BULAWAYO – Malawian opposition leader and former vice president Saulos Chilima has accused Zimbabwe’s exiled former police chief Augustine Chihuri of participating in a plot to rig Tuesday’s elections, but Chihuri’s allies denied he was in that country.
Chilima, the leader of the United Transformation Movement (UTM), claimed Zimbabwe’s former police Commissioner General – who fled his country following a military coup that ousted former President Robert Mugabe in November 2017 – was in Malawi to help the ruling Democratic Progressive Party (DPP) rig this week’s Tuesday tripartite elections.
“We are saying that Chihuri must leave our country, don’t mess our elections,” Chilima told an early morning news conference at his home in Lilongwe.
But Jonathan Moyo, a former minister in Mugabe’s government who also fled to exile, denied Chihuri was in Malawi.
“This is a lie with no legs. It won’t go anywhere. I don’t know where former CGP Chihuri is, but I know where he isn’t… I know he is not in Malawi.

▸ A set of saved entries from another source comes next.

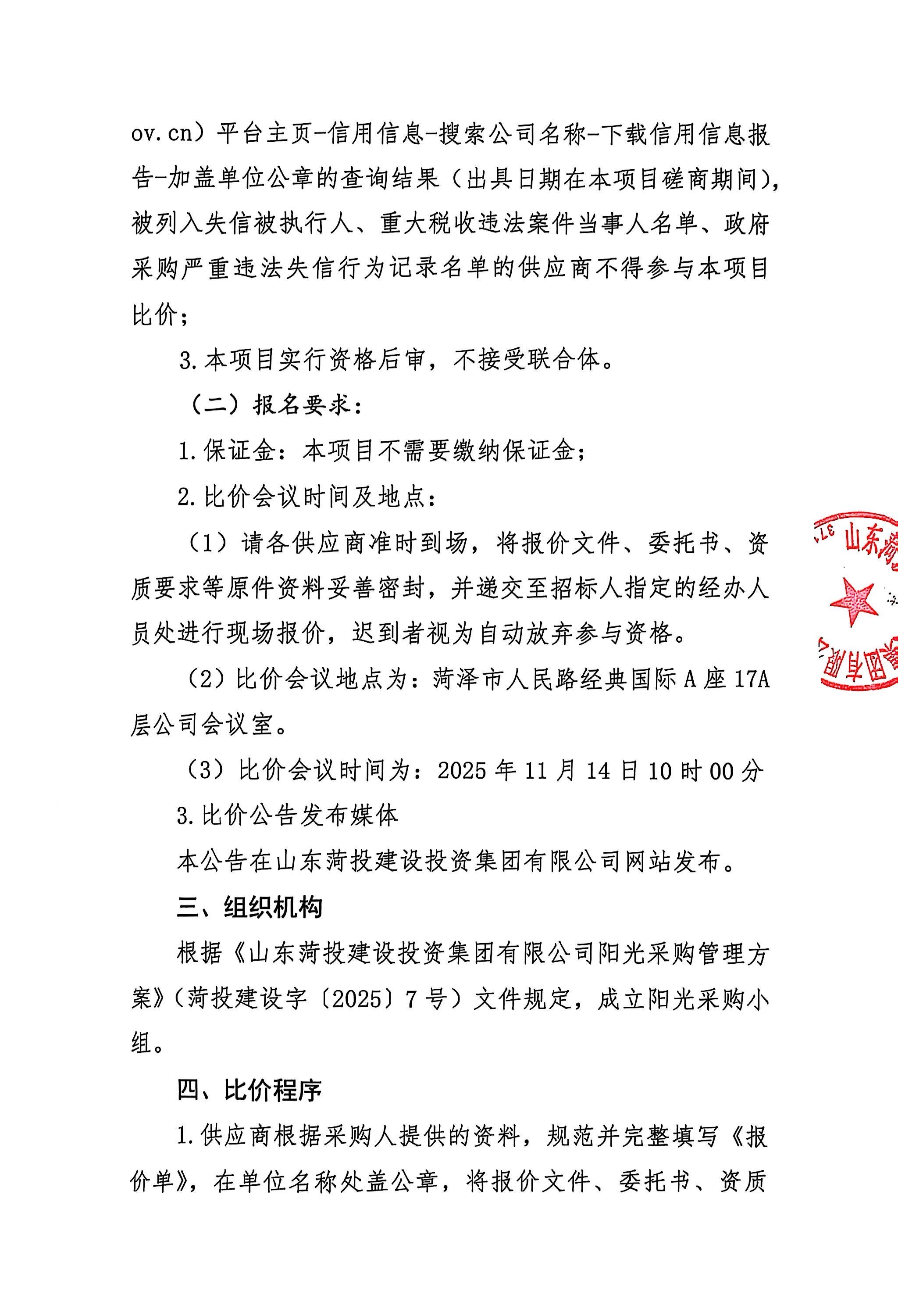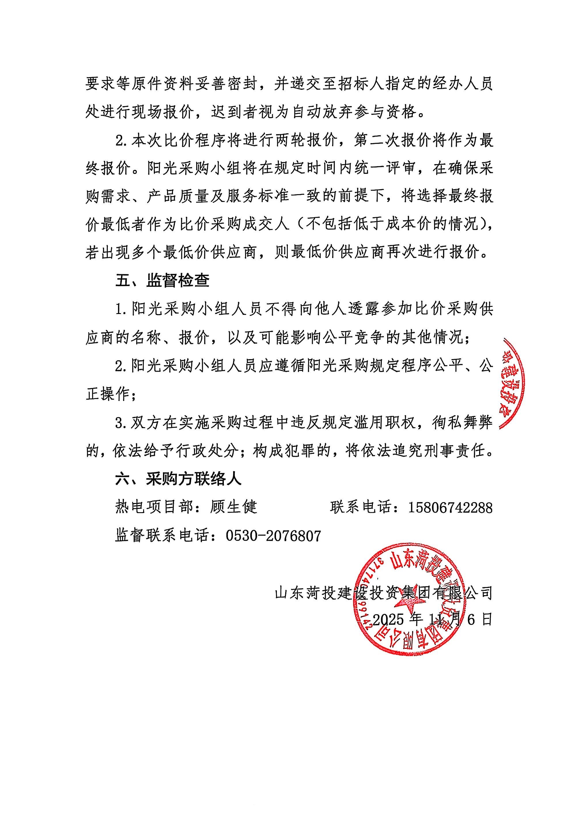 山东菏投建设投资集团有限公司 关于菏投集团2x5万千瓦背压机组热电联产项目安 全文明施工工程施工队伍比价的流标公示
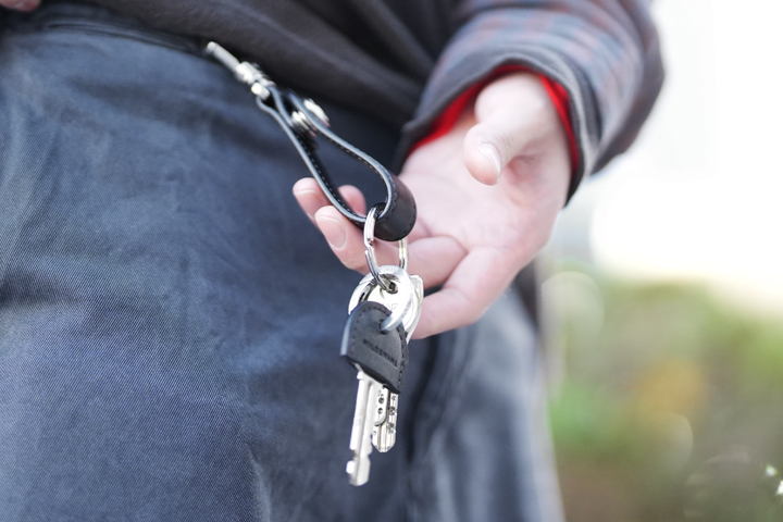 このように二重リングには鍵類を取り付けた状態で、先端のナスカンを介して様々なものに接続します。 鍵や小物を二重リングに直に接続したり、また小さなリングなどを経由して取り付けたりと、鍵のサイズや用途によって組み合わせてご使用頂けます。
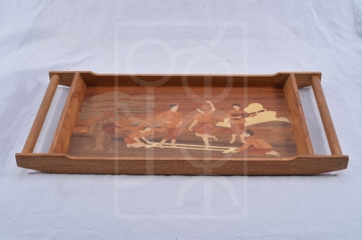 人物纹拼花木托盘
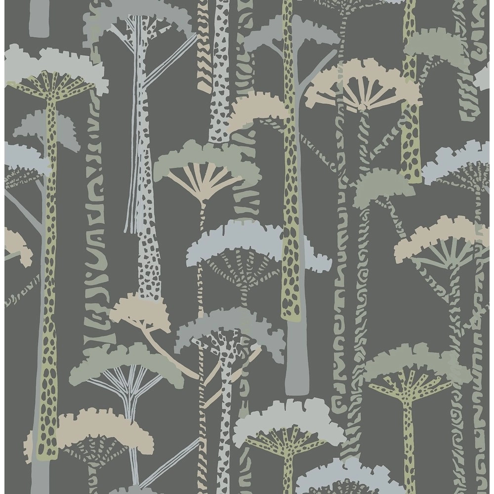Dekor tapéta egybefüggő erdő mintával szürkészöld színben
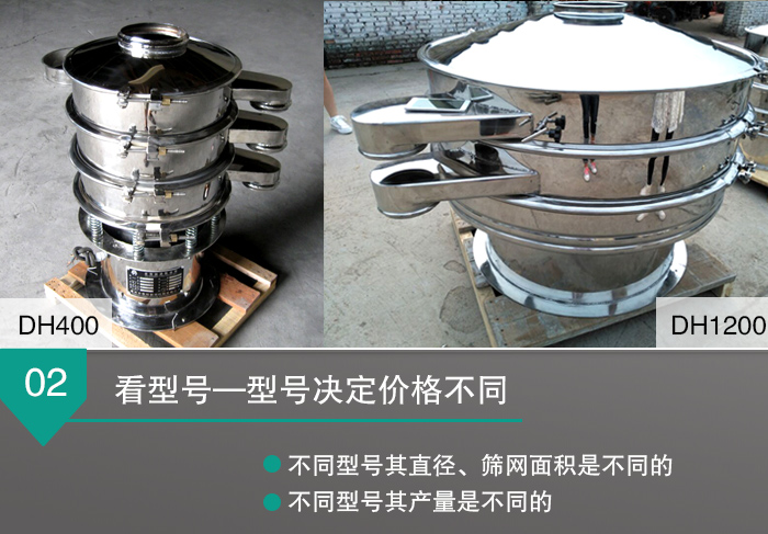 新鄉大漢全不銹篩振動篩生產的直線振動篩型號從DH600到DH2000,不同型號的全不銹鋼振動篩,其直徑、篩網面積是不同的,所以這就決定了不同型號的全不銹鋼振動篩產量是不同的,這也必然會造成全不銹鋼振動篩價格上存在明顯的差異。 看設計—設計決定價格不同
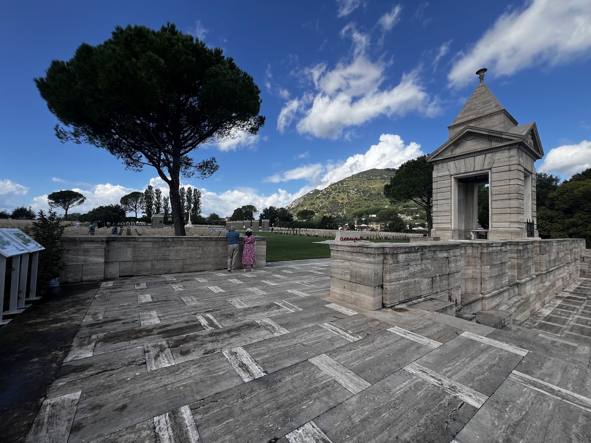Ā Ā Ā Read moreWe came to the cemetery on a family pilgrimage of 13 people to visit the grave of my husband's grandfather who was killed in the Battle of Montecassino in 1944. I was incredibly moved by my experience. It was so very meaningful to find his grave and to spend some quiet time there. I also spent a long time walking amongst the other graves and reading who the Allied servicemen were, their battalions and where and when they fell. I was particularly moved by the graves which were grouped together - for all of the members of Air Force flight crews who died together when their planes were shot down. There are engraved walls too with names of the servicemen who were lost with no body found to bury and some other striking memorial structures too. There is a little sanctuary space over on the left hand wall of the cemetery with a Visitors' book where you can mark your visit and leave a message. It was incredibly hot when we visited - there are some trees to rest in a bit of shade and the sanctuary gives a reflective, cooler roofed space. "Enjoy" would be the wrong word, but I had a very emotional and meaningful visit which meant a lot to me. It was quite something to be able to show my children their great grandfather's grave and explain to them the bravery and sacrifices made for us to give us our lives and freedom today. I highly...
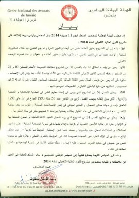 إن مجلس الهيئة الوطنية للمحامين المنعقد اليوم 11 جويلية 2014 بدار المحامي بتونس، وبعد إطلاعه على مشروع قانون المالية التكميلي لسنة 2014 :
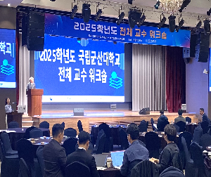 -AI 시대의 혁신과 소통을 논하다… 미래 교육·연구 방향과 대학의 비전 공유- 국립군산대학교(총장직무대리 엄기욱)는 2025년 10월 24일(금)부터 25일(토)까지 1박 2일간, 충남 예산군 덕산면 스플라스 리솜에서 ‘2025학년도 전체교수워크숍’을 성공적으로 개최하였다. 이번 워크숍에는 조교수 이상 전임교원 167명과 직원 13명 등 총 180명이 참가하여, 대학의 주요 정책과 발전 방향을 공유하고 구성원 간의 소통과 협력을 강화하는 시간을 가졌다. 행사는 나신혜 아나운서의 사회로 진행되었으며, 엄기욱 총장직무대리는 ...
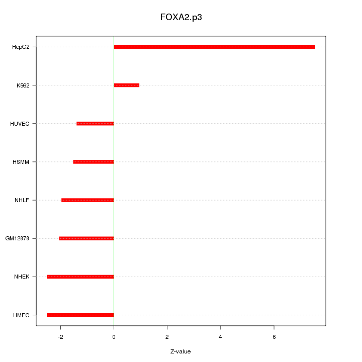 Sorted Z-values for motif FOXA2.p3
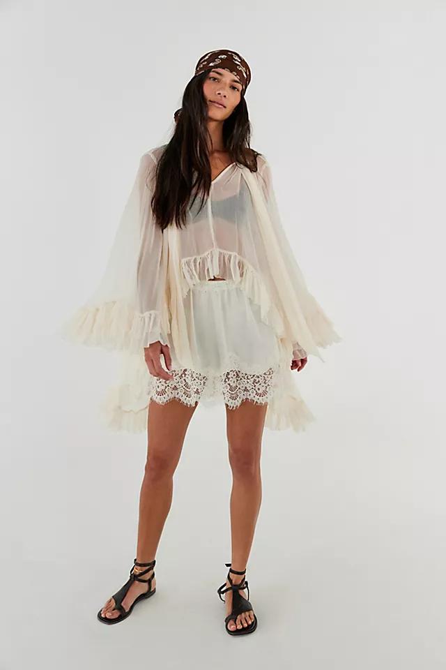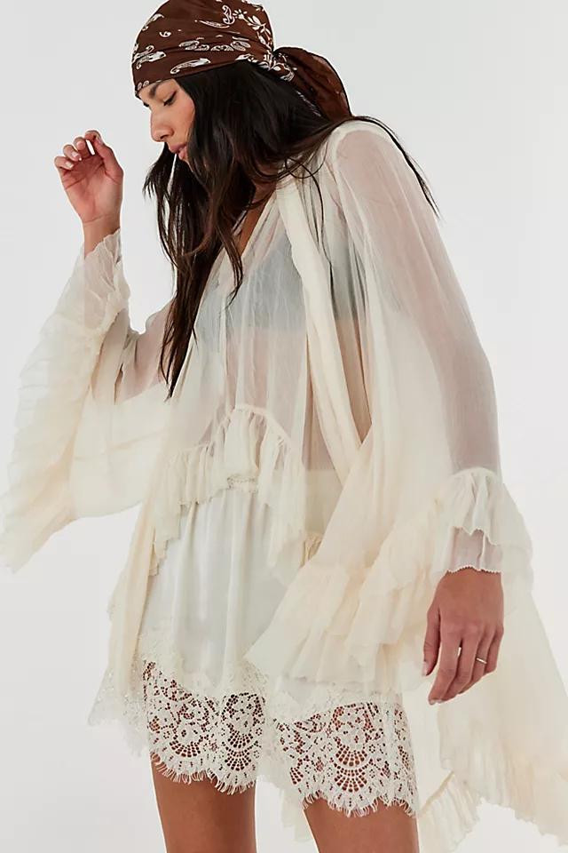 Beautiful and billowy, this top features a sheer fabrication and low scoop-neckline with exaggerated long-sleeves and cascading ruffles.
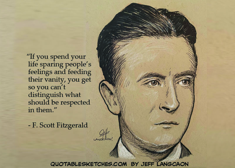 “If you spend your life sparing people’s feelings and feeding their vanity, you get so you can’t distinguish what should be respected in them.” – F. Scott Fitzgerald

This I know,” Moyo said on Twitter.
Chilima claimed Chihuri was hired by the DPP government in order to train parallel police officers who will pose as legitimate officers and commit electoral fraud.
He also claimed a plot to switch ballots with already marked ballot papers.
The UTM added: “We will soon be writing Malawi Electoral Commission, elaborating these anomalies so that they can have them fixed.”
Chilima, 46, quit President Peter Mutharika’s party to form the UTM, while staying on as vice president.
The other two contenders for the presidency are Lazarus Chakwera, head of the main opposition Malawi Congress Party (MCP) who has the backing of former President Joyce Banda and Atupele Muluzi, who was health minister in Mutharika’s government and is the son of former Malawi president Bakili Muluzi.